The response time measures the duration between a request and its response, impacting real-time applications like IoT. The lower response times are important for latency-sensitive tasks such as vehicle emissions monitoring.

Fig. 12

Response time for fog computing, cloud computing, and blockchain.

In this study, NS3 simulations were used to analyze response times across fog computing, cloud computing, and blockchain. The studies^22,23 indicate that fog computing has the shortest response time, while cloud access is the longest as depicted in Fig. 12. However, our framework shows that consortium blockchain with an edge device achieves comparable response times to fog computing. The mean response times observed were 62.8196 ms for blockchain, 68.354 ms for fog, and 669.06 ms for cloud computing, with standard deviations of 22.874, 21.764, and 623.98, respectively, highlighting the efficiency of consortium blockchain in latency-sensitive environments.

Table 10 Presents network latency, the time taken for data to travel from the IoT network to the consortium blockchain. IoT devices (DEV1, DEV2, DEV3) transmit sensor data to the edge node with latencies of 20 Ms, 22 Ms, and 21 Ms, respectively. The edge node then forwards data to blockchain validators (VAL-ID1, VAL-ID2) with latencies of 51 Ms and 55 Ms. Additionally, communication between VAL-ID1 and VAL-ID2 incurs a latency of 10 Ms, highlighting the overall transmission delays in the system.

Table 10 Network testbed configuration.

Fig. 13

Processing time for fog computing, cloud computing, and blockchain.

The processing time measures the duration required to complete computational tasks, impacting the efficiency of fog, cloud, and blockchain systems, especially in real-time IoT applications. Lower processing time signifies faster execution and better performance. In this study, NS3 simulations were used to measure processing times under varying workloads and network conditions. Comparing these times highlights each system’s ability to handle complex computations, offering insights into the trade-offs between decentralized and centralized architectures, aiding in selecting the optimal framework for latency-sensitive applications. Figure 13 shows that processing time in the fog environment increased by 1737.67% with growing block size, indicating a near-linear relationship, while in the cloud, it rose by 1718.13%, showing a slightly steeper growth. In contrast, the proposed blockchain framework exhibited the slowest increase at 219.64%, demonstrating the lowest processing time overhead. This analysis suggests that blockchain is the most efficient for handling larger block sizes, whereas cloud storage has the longest processing time, making it unsuitable for the application scenario.

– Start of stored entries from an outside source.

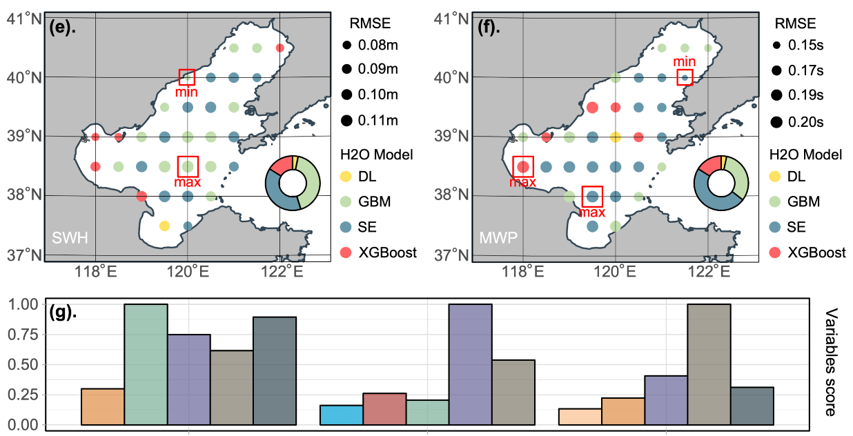 The rational assessment of regional energy distribution provides a scientific basis for the selection and siting of power generation units. This study, which focused on the Bohai Sea, set 31 research coordinate points in the Bohai sea for assessing the potential/trends of wave energy flux (WEF). We applied a point-to-point time series prediction method which modelled the different geographical coordinate points separately. Subsequently, we evaluated the performance of three traditional machine learning methods and three automated machine learning methods. To estimate WEF, the best model was applied to each research coordinate points, respectively. Then, the WEF was calculated and predicted based on the data of MWP, SWH, and water depth. The results indicate that, for all coordinates in the Bohai Sea, the H2O-AutoML algorithm is superior to the other five algorithms. Gradient boosting machine (GBM), extreme gradient boosting (XGBoost), and stacked ensemble models yielded the best performance out of the H2O algorithms. The significant wave height (SWH), the mean wave period (MWP), and the WEF in the Bohai Sea tended to be concentrated in the center of the sea and dispersed in the nearshore areas. In the year 2000, 2010, 2020, and 2030, the maximum annual average WEF at each research coordinate in the Bohai Sea is around 1.5 kW/m, with a higher flux in autumn and winter. In summary, the results provide ocean parameter characterization for the design and deployment of wave energy harvesting devices. Moreover, the automated machine learning introduced herein has potential for use in more applications in ocean engineering.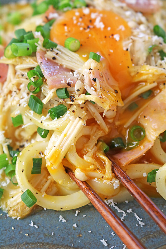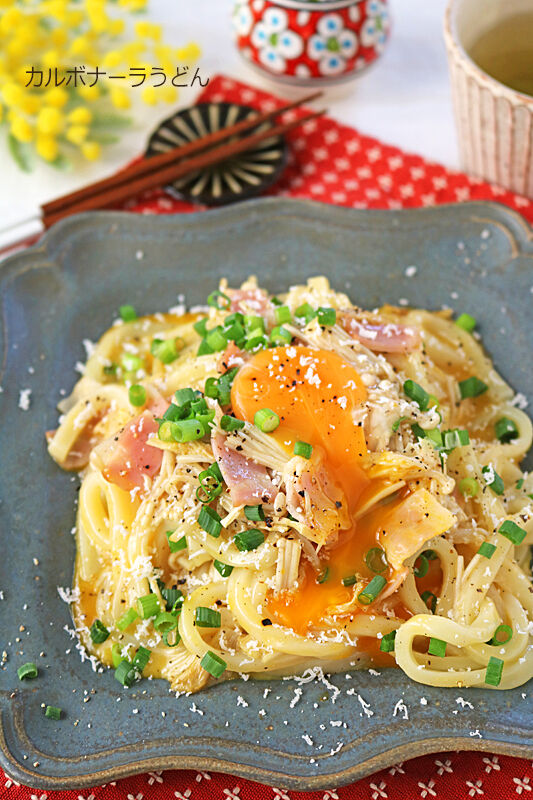 レンジで5分♪冷凍うどんで簡単和風カルボナーラ風うどん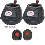 The newest addition to the Cavallo line of hoof boots. Trek is simple to put on and remove and stays securely on the hoof. The upper is made from Pro Mesh moulded TPU and patented RES Replaceable Velcro closure are both exclusive to Cavallo Hoof Boots. The honeycomb design of the Pro Mesh optimizes strength and minimizes weight. The regular sole accommodates a hoof that has a rounder shape while the slim sole fits a more oval shape hoof.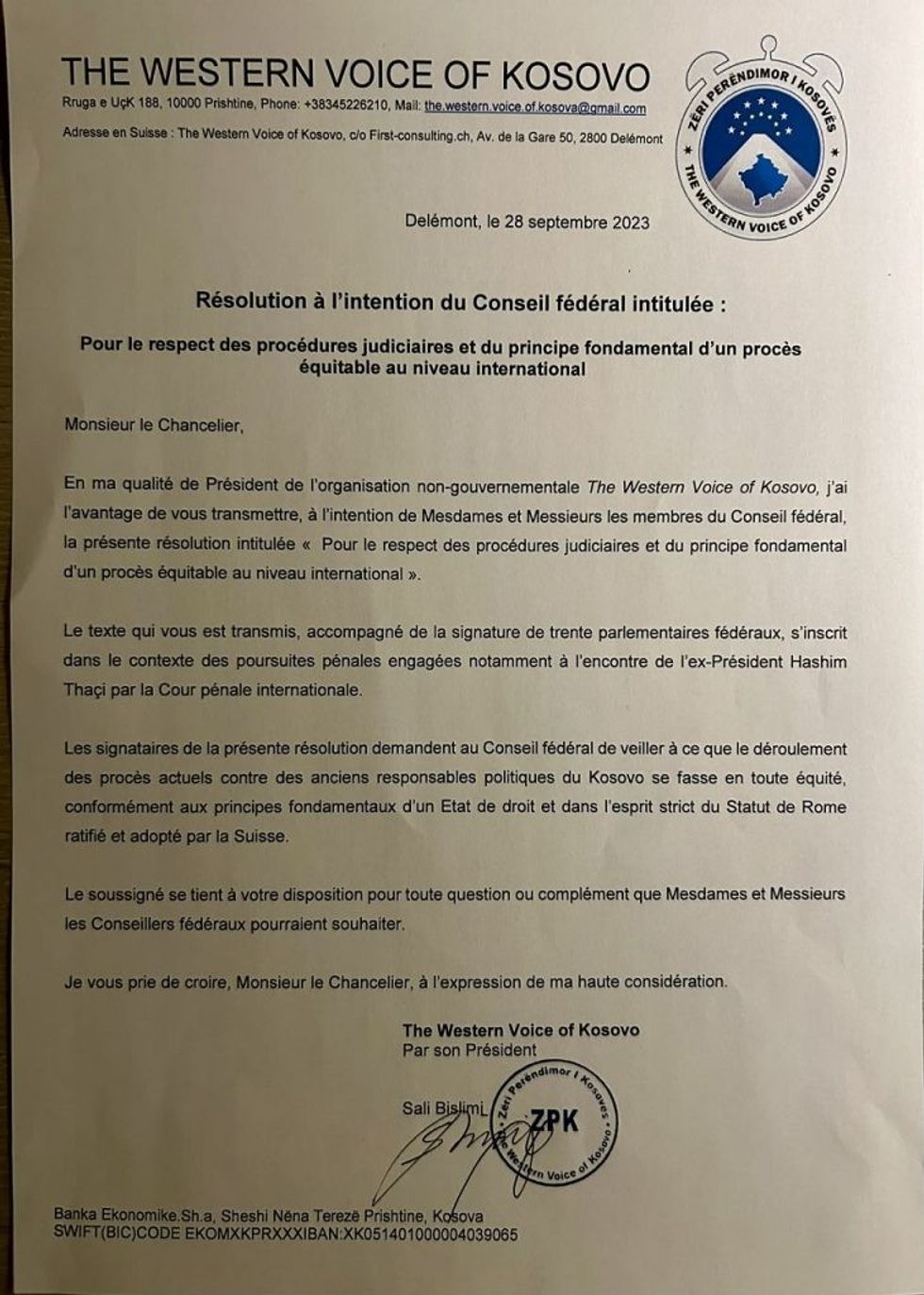 KosovaPress ka siguruar rezolutën e nënshkruar nga 30 deputetë zviceran, të cilët nesër prej orës 11:00 do ta dorëzojë veprimtari Sali Bislimi në Gjykatën Speciale.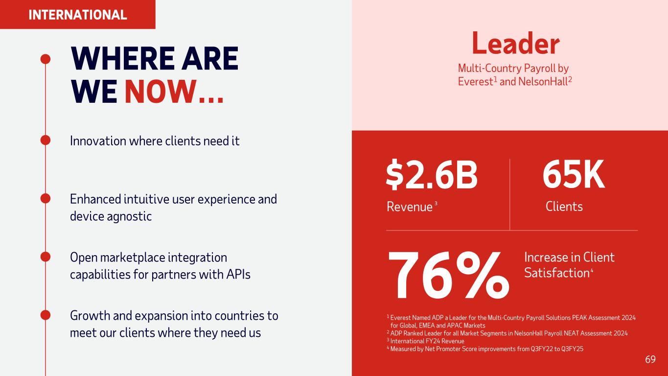 WHERE ARE WE NOW… Innovation where clients need it Enhanced intuitive user experience and device agnostic Open marketplace integration capabilities for partners with APIs Clients 65K Revenue $2.6B Increase in Client Satisfaction76% 1 Everest Named ADP a Leader for the Multi-Country Payroll Solutions PEAK Assessment 2024 for Global, EMEA and APAC Markets 2 ADP Ranked Leader for all Market Segments in NelsonHall Payroll NEAT Assessment 2024 3 International FY24 Revenue 4 Measured by Net Promoter Score improvements from Q3FY22 to Q3FY25 3 4 Growth and expansion into countries to meet our clients where they need us Leader Multi-Country Payroll by Everest1 and NelsonHall2 69 INTERNATIONAL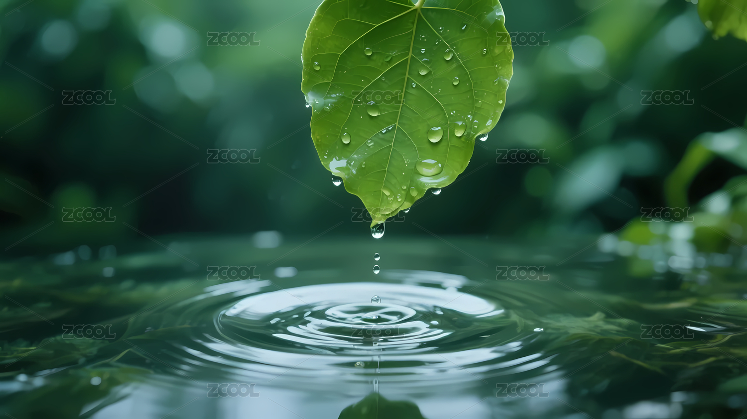 绿色叶子与水珠营造自然氛围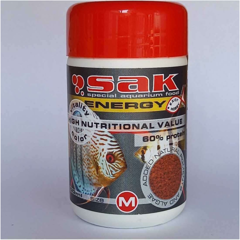 Sak Energy szemcsés díszhaleleség. Teljes értékű, magas arányú állati összetevőket tartalmazó granulált díszhaltáp. Ideális harcsafélék, vitorlások, diszkoszhalak, és húsevő sügérfélék etetéséhez. A magas vitamin tartalom és kiegyensúlyozott mennyiségű ásványi anyagok által a halak gyorsan és egészségesen növekednek, megőrzik színgazdagságukat, és ellenállóbbak lesznek.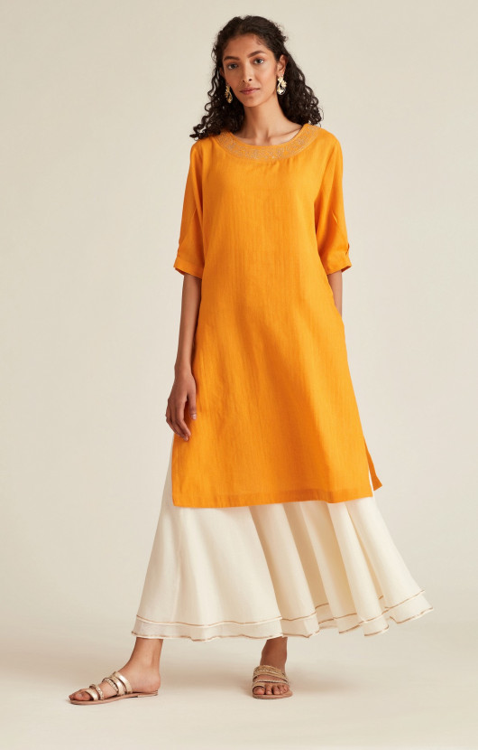 And if you're feeling a little experimental, try out our bright gold embroidered skirt in blue and style it with a matching blue kurta for a monochrome look. Throw in a statement belt, a pair of dangle earrings, and golden heels to complete the ensemble.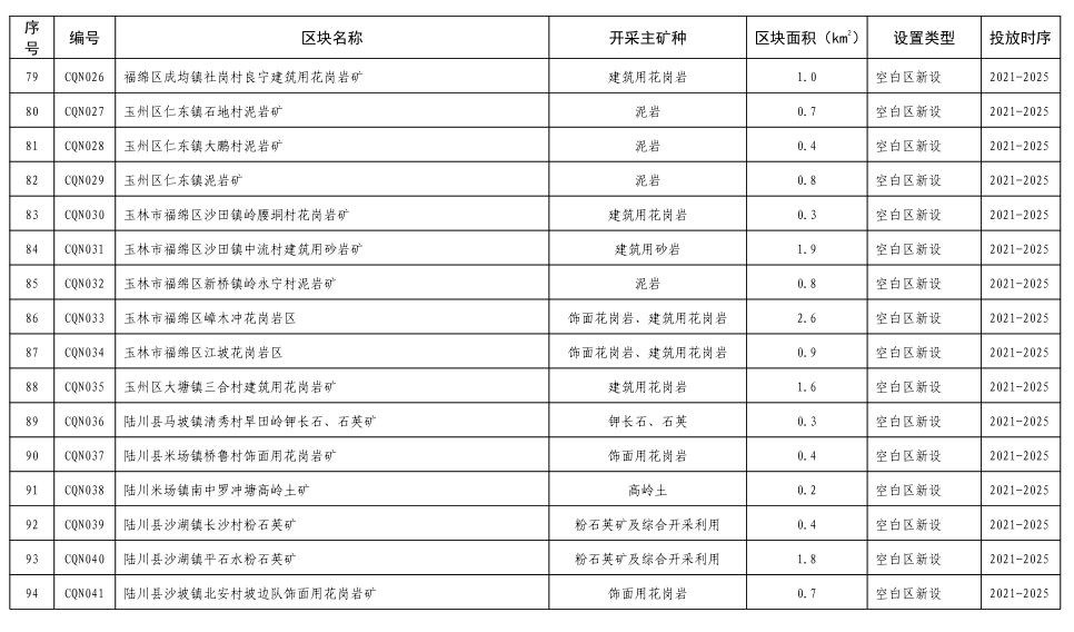 12.陆川古城建筑用花岗岩集中开采区(CS012):位于陆川古城镇,面积7.7平方公里,出露中细粒二长花岗岩(Sgγ2、Sgγ1)、天堂山岩群变粒岩(Pt1T),具有丰富的花岗岩资源,现有采矿权3个,规划设置采矿权3个;通过整合、扩大矿区范围等,该区新设建筑用花岗岩矿山最低开采规模为40万m3/年;严格准入条件管理,促进花岗岩资源规模化、规范化利用。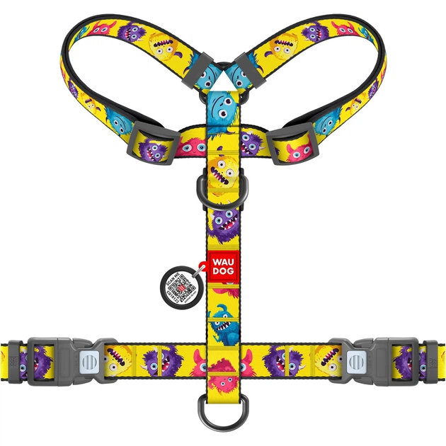 Шлея для собак анатомічна H-подібна WAUDOG Nylon з QR-паспортом, малюнок "Мохнаті монстри", з двома фастексами, розмір XL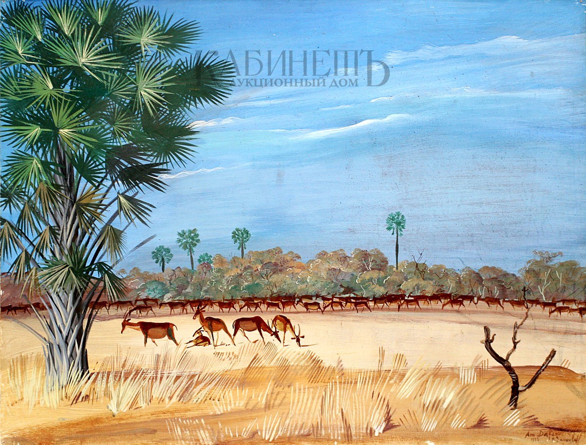 <...> Вечером мы вернулись в лагерь. У каждого была удачная охота. Несколько видов антилоп было запечатлено на картине: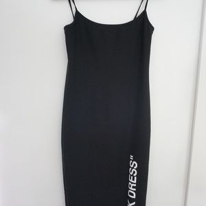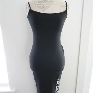 Midi tight dress is detailed with spaghetti straps and contrasting maxi lettering print at the front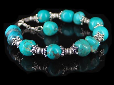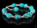 Featuring a beautiful 1 strand genuine high quality 10 mm blue turquoise stone bracelet with sterling silver crown findings. This bracelet has a length of 7.5" - 8.5" with sterling lobster clasp.

The relationship between the number of validators and blockchain confirmation time is crucial for assessing performance and scalability. The validators influence transaction validation and block creation, impacting confirmation time due to consensus mechanisms, communication overhead, and network synchronization. Analyzing this correlation balances the security, decentralization, and efficiency, offering insights into optimizing validator configurations for improved transaction throughput and reduced latency in real-world applications. In the proposed consortium blockchain framework, only pre-selected nodes dynamically validate blocks, reducing computational complexity. The relationship between validators and network performance aligns with proposed and confirmed block counts as shown in Fig. 14. The testing revealed that increasing validators introduces communication overhead, affecting transaction finality. With blocks set at 40, 80, and 120 for different dynamic times, results show that higher validator counts increase transaction latency. For instance, 100 transactions are validated in under a second with two validators, while three or five validators require more time. Given the objective of the system to validate 298 transactions every 5 s, using more than three validators is suboptimal.

Fig. 14

Correlation between # validators and confirmation time.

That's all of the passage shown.